I would ask you to do the same, and taking the context into account.

> The text is clear in the ICMP specs: "...limit bandwidth and forwarding 
> costs..."
> 
> Please read paragraph (f) page 7 of the ICMP specs, which says:
> 
>   (f) Finally, in order to limit the bandwidth and forwarding costs
>       incurred by sending ICMPv6 error messages, an IPv6 node MUST
>       limit the rate of ICMPv6 error messages it sends.
> 
> This points me to say that you must be confused, misinformed, or grossly 
> misinterpreting.

If you look at the whole section 2.4, it is blindingly obvious that
the word "send" is used to refer to the node *generating* (i.e.,
originating) an ICMP error message (in response to some other packet
doing something illegal), *NOT* in the more generic meaning which
could include forwarding an ICMP error packet it has received from
some other interface.

Do you agree with this? 

If you don't, ... I wouldn't me amazed as this seems to be your
fundamental misunderstanding.

If you do, and re-read the whole section again keeping that in mind, 
and (f) in particular, you should be able to tease it apart:

 - "in order to limit the bandwidth and forwarding costs *incurred 
by* sending ICMPv6 error messages"

Note the word "incurred".  At least in my book, this does not require
that these forwarding/bandwidth costs happen on the node that is 
generating the ICMP packet.

In other words, the algorithm is specified to reduce the number of
ICMPv6 messages which backbone routers etc. will have to forward over
the Internet, not so such the bandwidth of the generating node (note
that there isn't even a "forwarding cost" of generating an ICMPv6
message, it's generation and sending cost).  [the byproduct, of
course, is that the node originating ICMPv6 errors doesn't waste all
of its resources sending huge amounts of ICMPv6 errors]
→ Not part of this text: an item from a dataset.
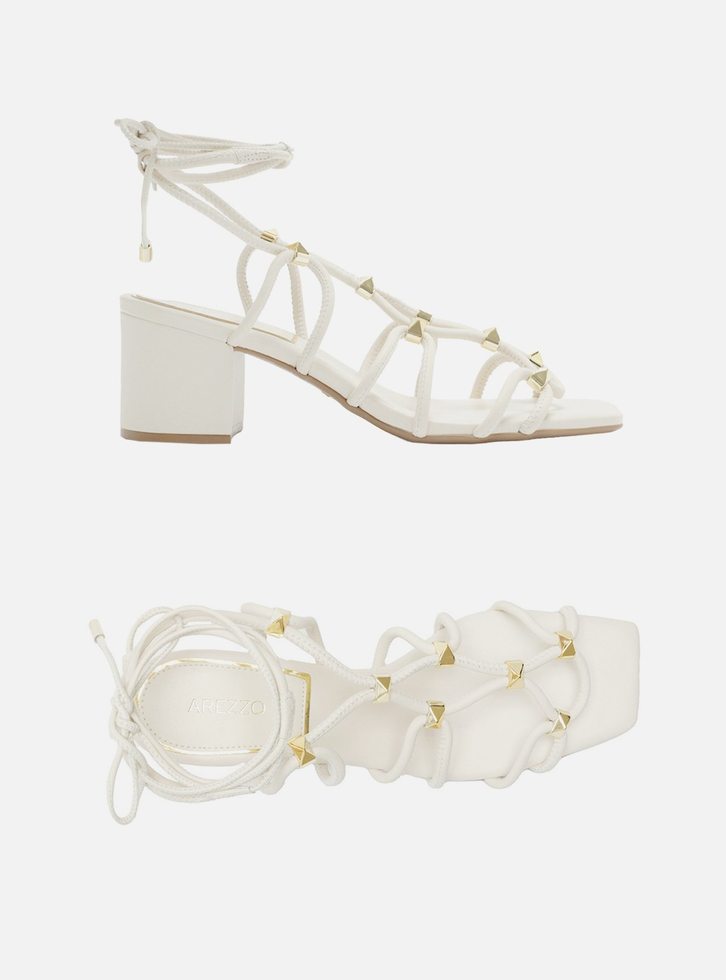 Sandália branca. Possui tiras finas com detalhes em tachas que se cruzam no peito do pé e tiras finas que prendem o tornozelo. Com salto bloco, bico quadrado e logotipo da Arezzo na palmilha.

 - "an IPv6 node MUST limit the rate of ICMPv6 error messages it 
sends."

Note the word *sends* and its context.  This specifies that ICMPv6
error messages must not be *generated* without limiting.  This
specifies nothing of routers *forwarding* received ICMPv6 messages.

...

Do you agree?

Whether you agree with this or not, I guess we'll need to reword some
of the text to avoid confusing ICMPv6 error *generation* rate-limiters
to *generic* (ICMPv6) rate-limiters (which you keep referring to)  
which are completely out of scope of this specification.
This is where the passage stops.